Prompt => A word-for-word reproduction of the data below is needed, with no pictures in it.

Stored data =>
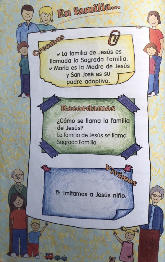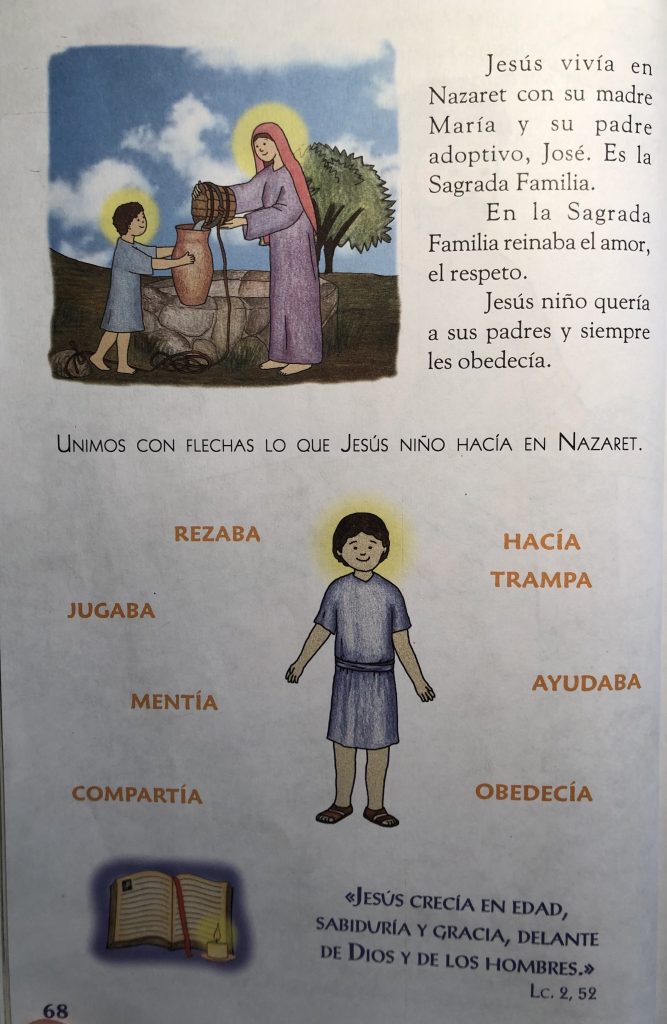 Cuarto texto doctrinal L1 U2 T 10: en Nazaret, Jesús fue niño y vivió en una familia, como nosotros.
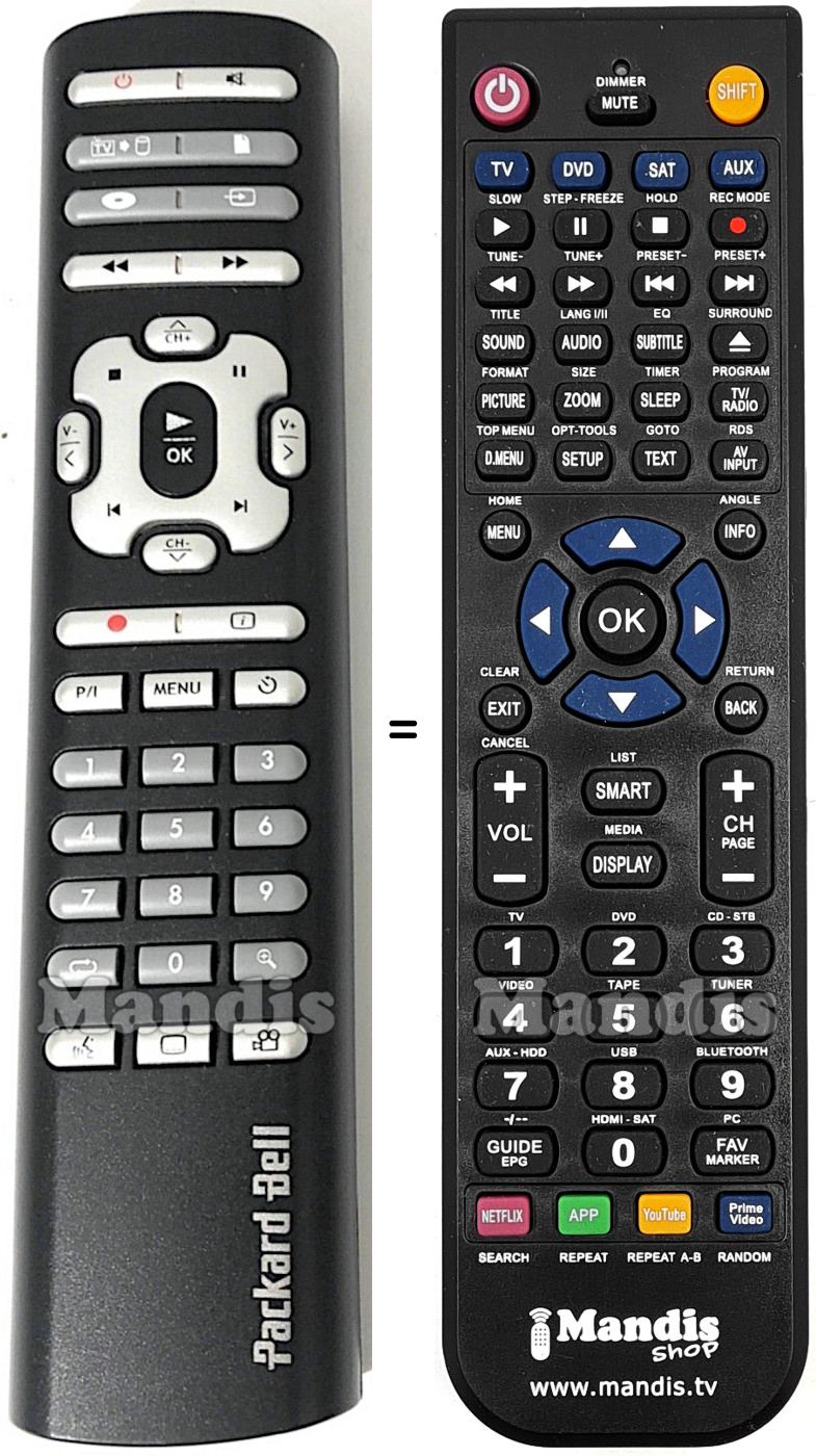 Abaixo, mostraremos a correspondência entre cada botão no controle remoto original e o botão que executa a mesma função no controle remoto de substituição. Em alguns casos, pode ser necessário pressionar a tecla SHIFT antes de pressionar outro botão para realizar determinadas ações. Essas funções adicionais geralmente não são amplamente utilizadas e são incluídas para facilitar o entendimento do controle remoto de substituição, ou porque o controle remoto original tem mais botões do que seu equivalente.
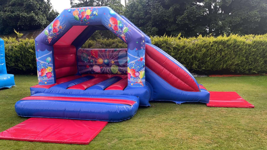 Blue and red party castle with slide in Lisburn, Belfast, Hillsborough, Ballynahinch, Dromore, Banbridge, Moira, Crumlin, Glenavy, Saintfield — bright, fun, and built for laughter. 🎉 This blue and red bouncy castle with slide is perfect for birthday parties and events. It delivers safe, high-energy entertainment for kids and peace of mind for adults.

Response area =>
 Cuarto texto doctrinal L1 U2 T 10: en Nazaret, Jesús fue niño y vivió en una familia, como nosotros.
 Abaixo, mostraremos a correspondência entre cada botão no controle remoto original e o botão que executa a mesma função no controle remoto de substituição. Em alguns casos, pode ser necessário pressionar a tecla SHIFT antes de pressionar outro botão para realizar determinadas ações. Essas funções adicionais geralmente não são amplamente utilizadas e são incluídas para facilitar o entendimento do controle remoto de substituição, ou porque o controle remoto original tem mais botões do que seu equivalente.
 Blue and red party castle with slide in Lisburn, Belfast, Hillsborough, Ballynahinch, Dromore, Banbridge, Moira, Crumlin, Glenavy, Saintfield — bright, fun, and built for laughter. 🎉 This blue and red bouncy castle with slide is perfect for birthday parties and events. It delivers safe, high-energy entertainment for kids and peace of mind for adults.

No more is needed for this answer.